=== Data excerpt ===
+ + + + +
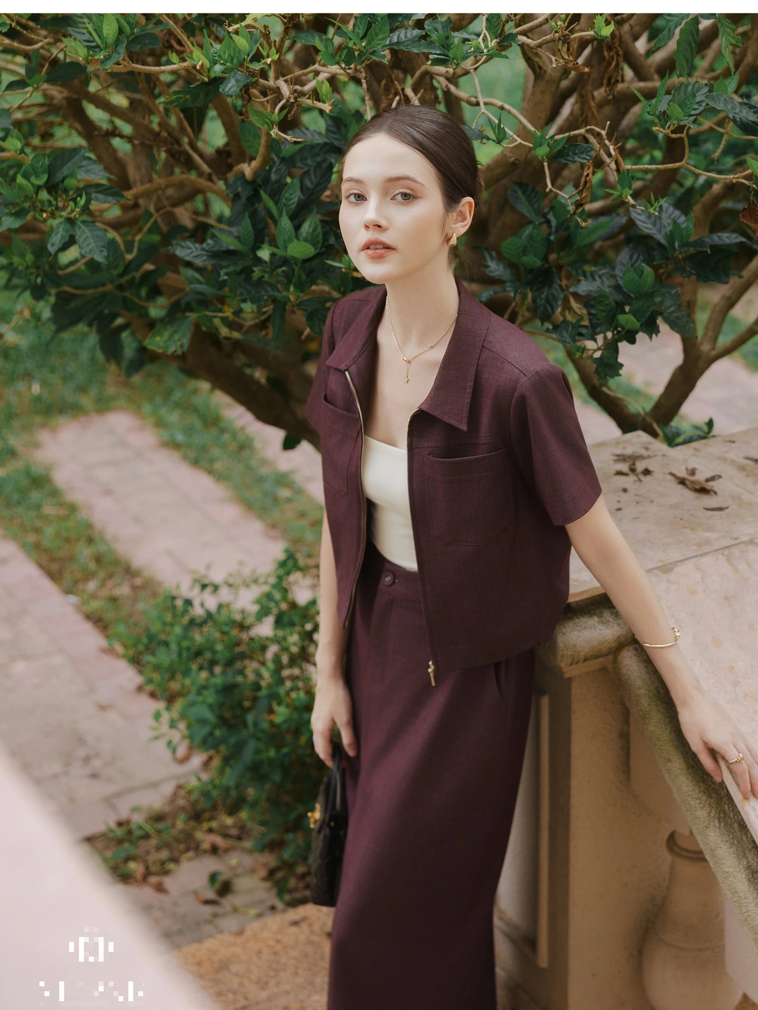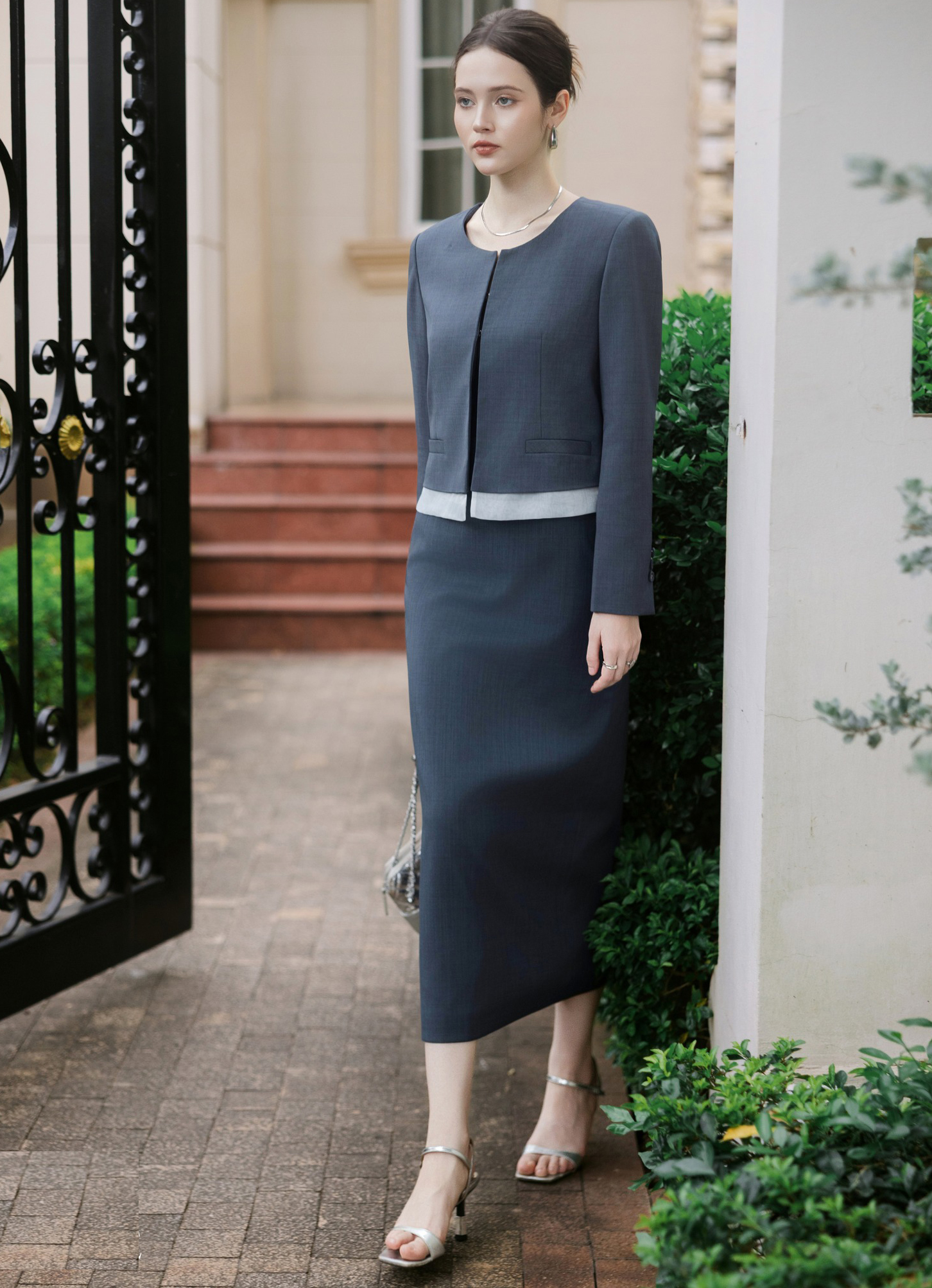 Lựa chọn cho phong cách công sở thời thượng mùa này là bản phối với chân váy bút chì và áo crop tay dài điểm chi tiết phối vải trắng. ẢNH: MERNE
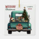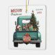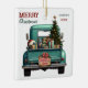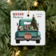 A teal blue retro pickup truck carries a decorated Holiday tree and gift packages on this cute ceramic Christmas ornament. Looking out from the tailgate is a beautiful black and tan Australian Kelpie dog. A rustic wooden sign on the back bumper says "Christmas Cheer". The red and green stylised text at the top left says "MERRY CHRISTMAS", with your name (or your dog's) and the year at the right. Both sides have the same image.
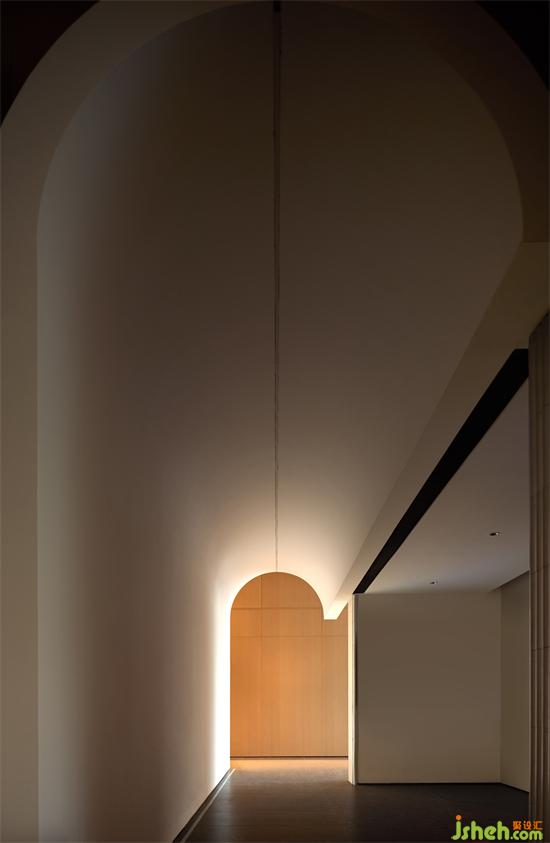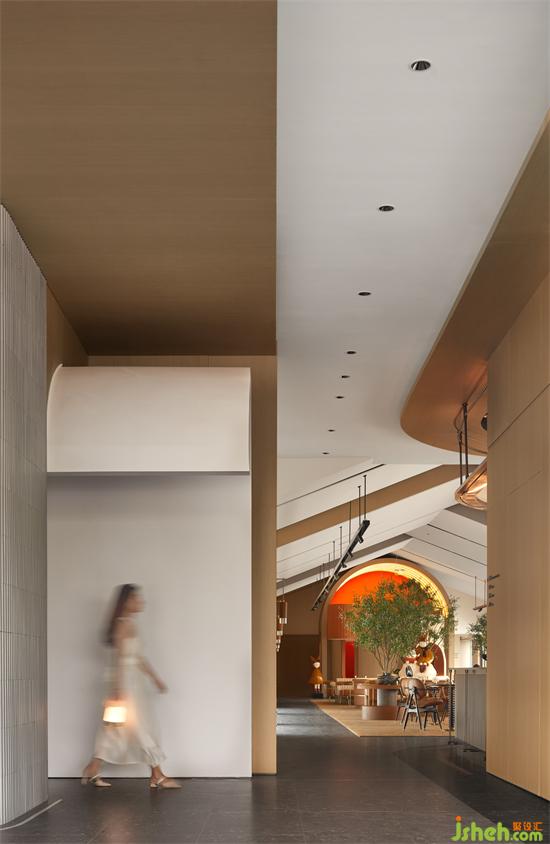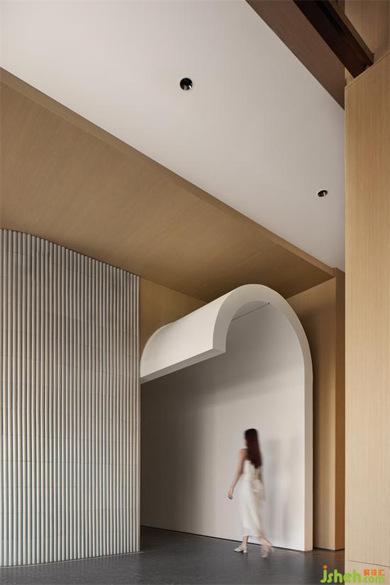 穿過沙盤區(qū),是一個(gè)進(jìn)深大的長空間,設(shè)計(jì)師順應(yīng)屋脊的形態(tài),在頂部采用層序疊進(jìn)的手法,銷售中心設(shè)計(jì)形成體積感,將視線收攏于中軸,黑色燈帶嵌于其中,溫暖樸素的木元素與幾何、線條語素完美結(jié)合,勾勒出空間的儀式與秩序。
+ + + + +
Give back the full listing above word for word, and let no picture through.

 Lựa chọn cho phong cách công sở thời thượng mùa này là bản phối với chân váy bút chì và áo crop tay dài điểm chi tiết phối vải trắng. ẢNH: MERNE
 A teal blue retro pickup truck carries a decorated Holiday tree and gift packages on this cute ceramic Christmas ornament. Looking out from the tailgate is a beautiful black and tan Australian Kelpie dog. A rustic wooden sign on the back bumper says "Christmas Cheer". The red and green stylised text at the top left says "MERRY CHRISTMAS", with your name (or your dog's) and the year at the right. Both sides have the same image.
 穿過沙盤區(qū),是一個(gè)進(jìn)深大的長空間,設(shè)計(jì)師順應(yīng)屋脊的形態(tài),在頂部采用層序疊進(jìn)的手法,銷售中心設(shè)計(jì)形成體積感,將視線收攏于中軸,黑色燈帶嵌于其中,溫暖樸素的木元素與幾何、線條語素完美結(jié)合,勾勒出空間的儀式與秩序。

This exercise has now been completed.